** Opening RECORDS PROVIDED block **

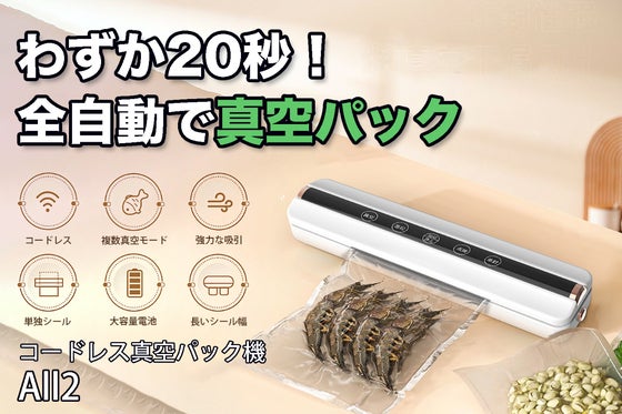 1,ボタン1つで自動で真空パック!食材を新鮮に保存可能!2,3つの真空モード搭載で粉類・液体にも対応! 3,30cmシーリング幅で複数袋を同時密閉。コードレス使...
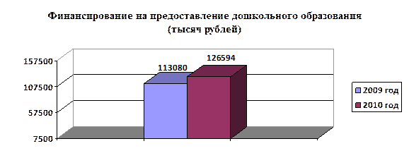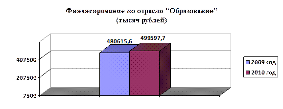 Финансирование по отрасли «Образование» в 2010 году составило 499597,7 тыс. рублей (2009 год – 480615,6 тыс. рублей). Отмечается увеличение финансирования на 3,8%.
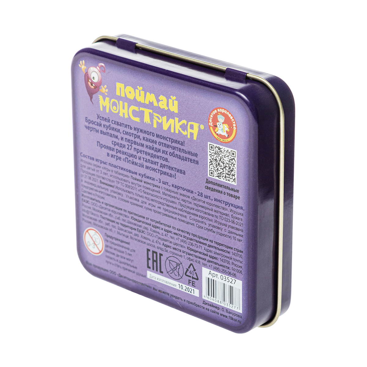 Игра хранится в компактной жестяной коробочке (9 х 9 см).
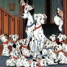 a proposito di cani bianchi e neri scambiati per dalmata. Passeggio insieme ad una mia amica, con la mia metticcia braccoide a macchie e il suo setter inglese a macchie, passa una signora che esclama: “Toh! la RICARICA dei 101!”. Evidentemente Crudelia Demon e’ caduta in disgrazie e finita a lavorare in un call center di una compagnia telefonica!
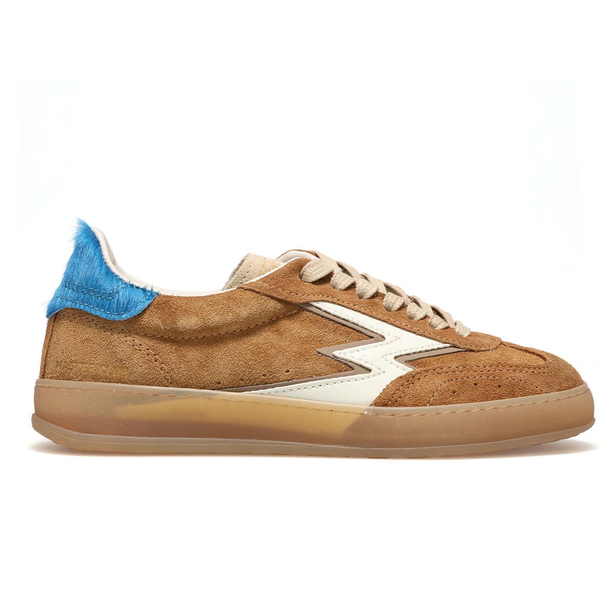 落ち着いたタバコカラーのスエードに、ホワイトレザーのロゴがアクセントとなり、上品な印象を演出。
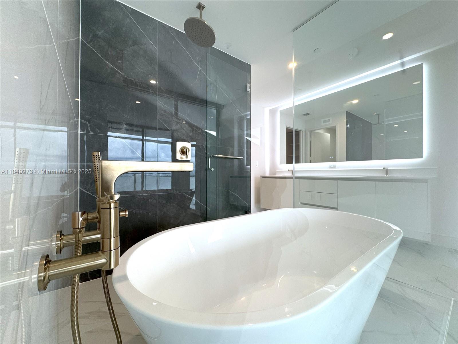 Stunning NEW BUILD 1 bedroom + den, 2 bath condo in luxurious Aria Reserve, in the popular Edgewater neighborhood! BRAND NEW, be the 1st to live in this home!! Modern designer finishes, elegant marble look porcelain floors, spacious island, premium appliances, and floor-to-ceiling windows that flood in natural light. Den is perfect for a home office or bedroom. Step out onto the expansive private balcony with breathtaking views of Biscayne Bay - perfect for a morning coffee while watching the sunrise. Enjoy access to world-class amenities including resort-style pools, a full-service spa, fitness center, tennis courts, 24-hour concierge, and a waterfront promenade. Perfectly situated minutes from Wynwood, Brickell, Downtown, and Miami Beach, this home offers unmatched luxury and convenience
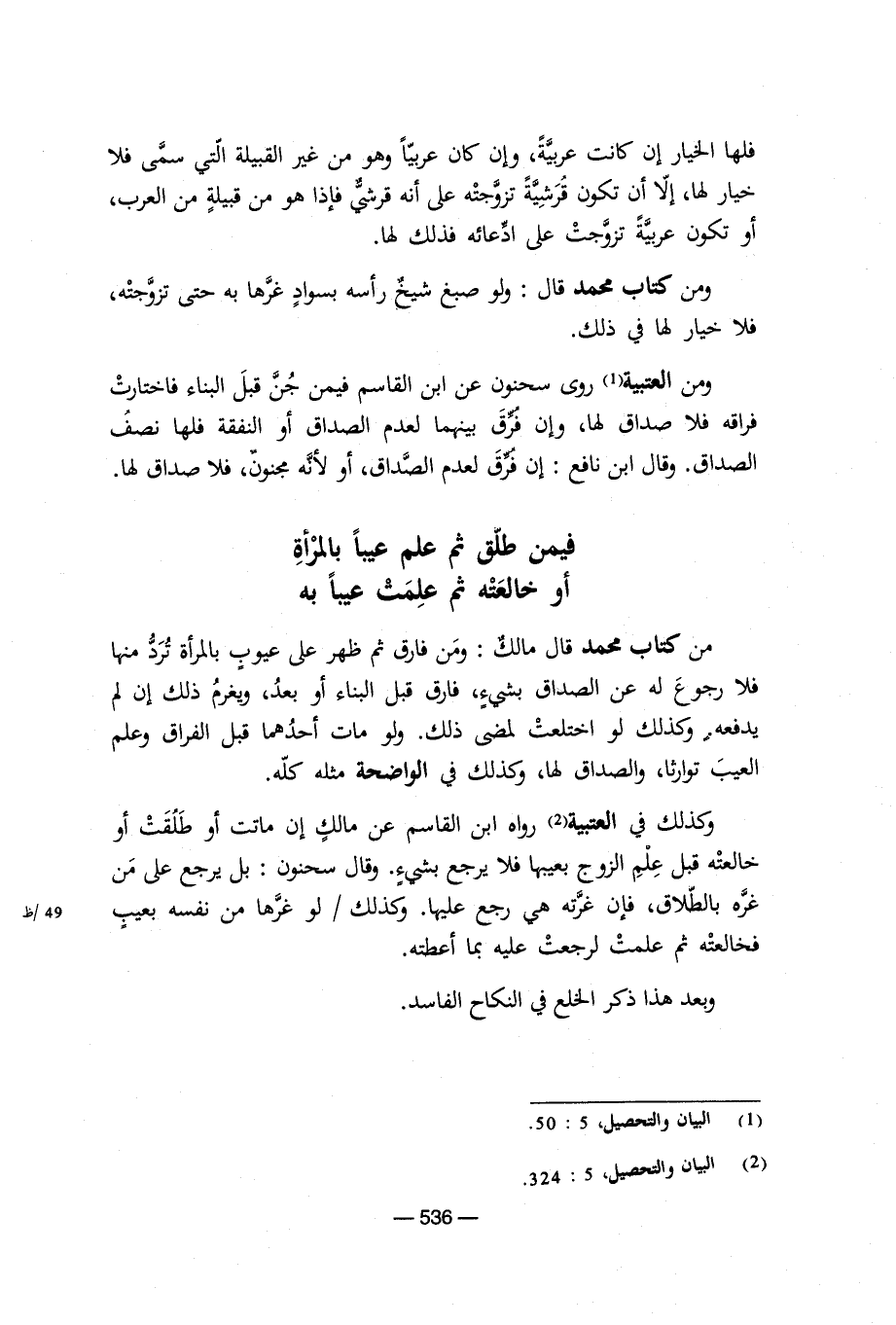 وكذلك فى العتبية رواه ابن القاسم عن مالك إن ماتت أو طلقت أو خالعته قبل علم الزوج بعيبها فلا يرجع يشىء. وقال سحنون: بل يرجع على من غره بالطلاق، فإن غرته هى رجع عليها. وكذلك لو غرها من نفسه بعيب فخالعته ثم علمت لرجعت عليه بما أعطته.

** Closing RECORDS PROVIDED block **

- **WHAT YOU WILL DO**: An exact copy is needed of the stretch above that opens with the line containing "Игра хранится в" and closes with the line containing "落ち着いたタバコカラーのスエ"; the pictures are not part of it.

- **OUTPUT FOR THIS EXERCISE**:
 Игра хранится в компактной жестяной коробочке (9 х 9 см).
 a proposito di cani bianchi e neri scambiati per dalmata. Passeggio insieme ad una mia amica, con la mia metticcia braccoide a macchie e il suo setter inglese a macchie, passa una signora che esclama: “Toh! la RICARICA dei 101!”. Evidentemente Crudelia Demon e’ caduta in disgrazie e finita a lavorare in un call center di una compagnia telefonica!
 落ち着いたタバコカラーのスエードに、ホワイトレザーのロゴがアクセントとなり、上品な印象を演出。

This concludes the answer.